AIM OF THE TASK -
Within the listing below, give again exactly the lines between the one containing "BeschreibungSeite 1 Auszug" and the one containing "Según el sondeo, N-VA", inclusive, pictures left aside.

RAW DATA -
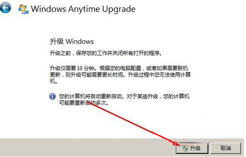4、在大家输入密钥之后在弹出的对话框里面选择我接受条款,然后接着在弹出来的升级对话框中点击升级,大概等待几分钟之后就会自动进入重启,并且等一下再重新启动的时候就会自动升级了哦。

* * *

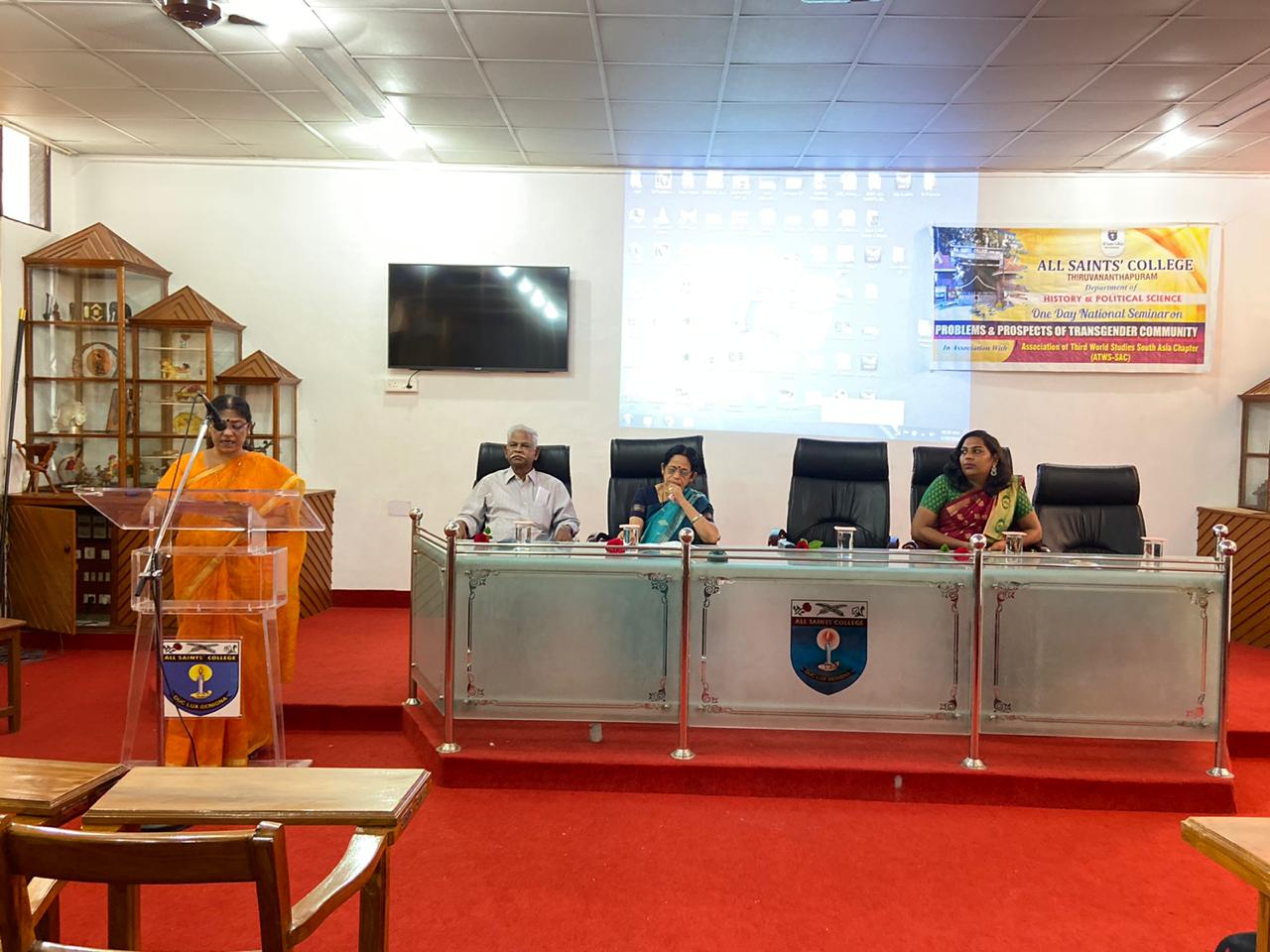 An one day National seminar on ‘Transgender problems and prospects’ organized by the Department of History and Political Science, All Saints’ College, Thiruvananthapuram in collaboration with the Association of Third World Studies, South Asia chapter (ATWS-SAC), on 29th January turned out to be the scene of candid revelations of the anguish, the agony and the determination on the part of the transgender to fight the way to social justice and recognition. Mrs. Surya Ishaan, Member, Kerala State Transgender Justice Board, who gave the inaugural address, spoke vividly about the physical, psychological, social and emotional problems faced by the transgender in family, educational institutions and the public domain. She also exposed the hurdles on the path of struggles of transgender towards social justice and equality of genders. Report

==

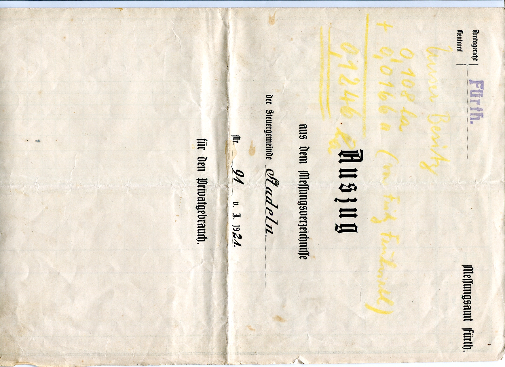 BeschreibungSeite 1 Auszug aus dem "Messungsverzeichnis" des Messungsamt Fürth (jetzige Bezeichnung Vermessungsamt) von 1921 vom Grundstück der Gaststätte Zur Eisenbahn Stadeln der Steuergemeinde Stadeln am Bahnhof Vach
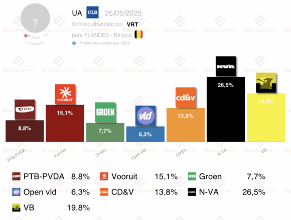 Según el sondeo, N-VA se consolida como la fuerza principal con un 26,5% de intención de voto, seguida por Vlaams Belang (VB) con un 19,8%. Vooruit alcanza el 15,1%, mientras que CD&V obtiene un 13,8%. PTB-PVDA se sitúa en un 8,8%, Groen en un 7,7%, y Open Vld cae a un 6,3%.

RESULT -
 BeschreibungSeite 1 Auszug aus dem "Messungsverzeichnis" des Messungsamt Fürth (jetzige Bezeichnung Vermessungsamt) von 1921 vom Grundstück der Gaststätte Zur Eisenbahn Stadeln der Steuergemeinde Stadeln am Bahnhof Vach
 Según el sondeo, N-VA se consolida como la fuerza principal con un 26,5% de intención de voto, seguida por Vlaams Belang (VB) con un 19,8%. Vooruit alcanza el 15,1%, mientras que CD&V obtiene un 13,8%. PTB-PVDA se sitúa en un 8,8%, Groen en un 7,7%, y Open Vld cae a un 6,3%.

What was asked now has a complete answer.